> [EXERCISE PROMPT]: Give back exactly the stretch of data below from the line holding "상담 신청은 아래 삼성미소금융재단 홈페이지를 통해 가능합니다." through the line holding "Two stanley tumblers", both ends included, and leave the remaining lines out.

> [DATASET RECORDS]:
....

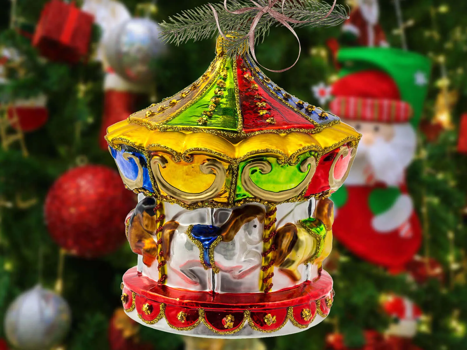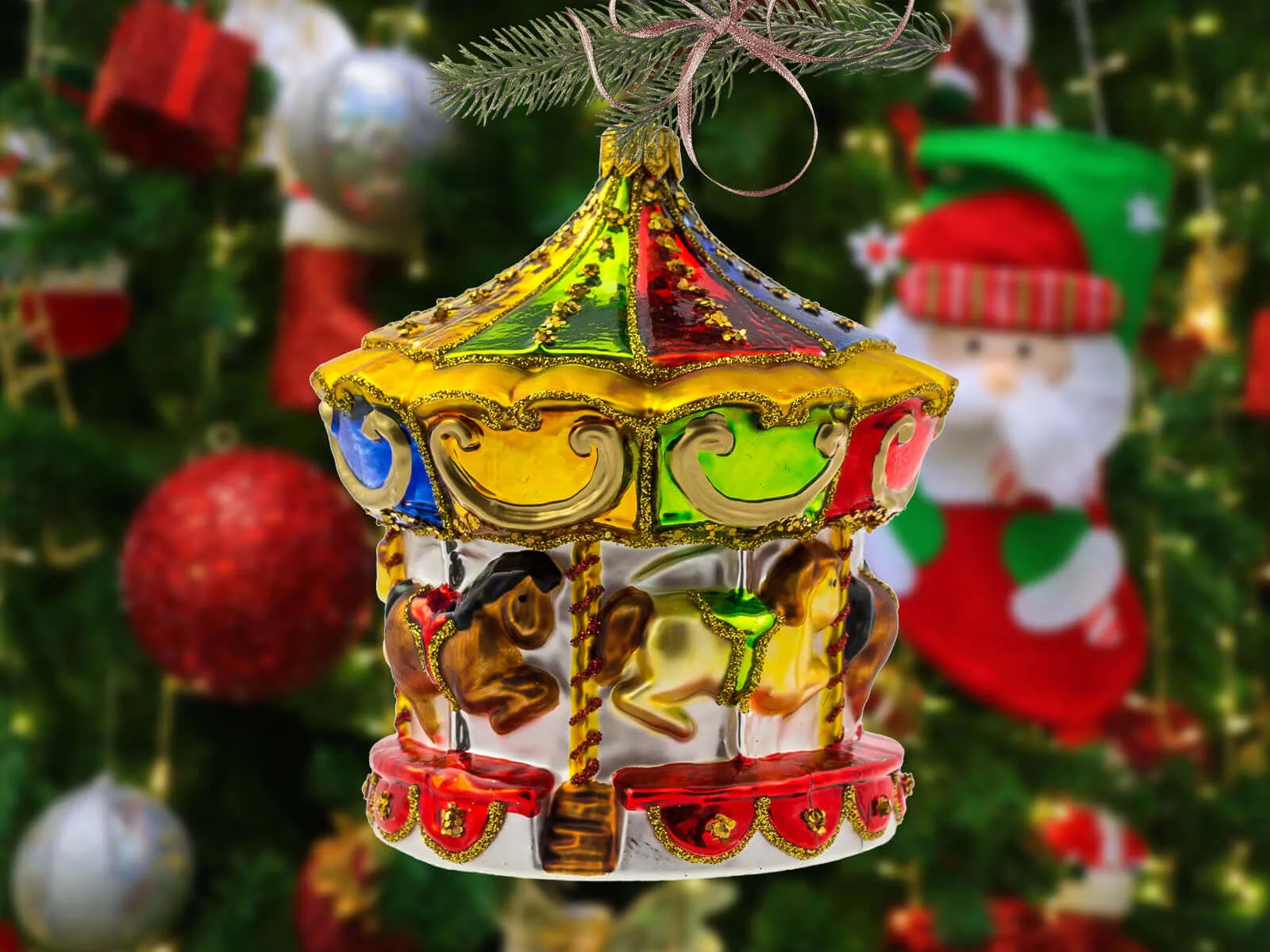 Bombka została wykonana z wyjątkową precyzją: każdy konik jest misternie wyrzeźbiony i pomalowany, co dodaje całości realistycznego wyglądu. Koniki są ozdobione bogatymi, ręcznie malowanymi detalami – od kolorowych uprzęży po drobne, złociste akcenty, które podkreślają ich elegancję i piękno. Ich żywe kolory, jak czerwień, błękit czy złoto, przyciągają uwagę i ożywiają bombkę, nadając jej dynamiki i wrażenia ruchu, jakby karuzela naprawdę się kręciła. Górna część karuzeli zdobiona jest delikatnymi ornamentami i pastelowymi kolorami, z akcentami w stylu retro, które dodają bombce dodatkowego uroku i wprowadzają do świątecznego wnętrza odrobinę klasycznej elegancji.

....

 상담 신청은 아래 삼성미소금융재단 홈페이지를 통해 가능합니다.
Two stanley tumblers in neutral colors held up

....

> [WRITTEN SOLUTION]:
 상담 신청은 아래 삼성미소금융재단 홈페이지를 통해 가능합니다.
Two stanley tumblers in neutral colors held up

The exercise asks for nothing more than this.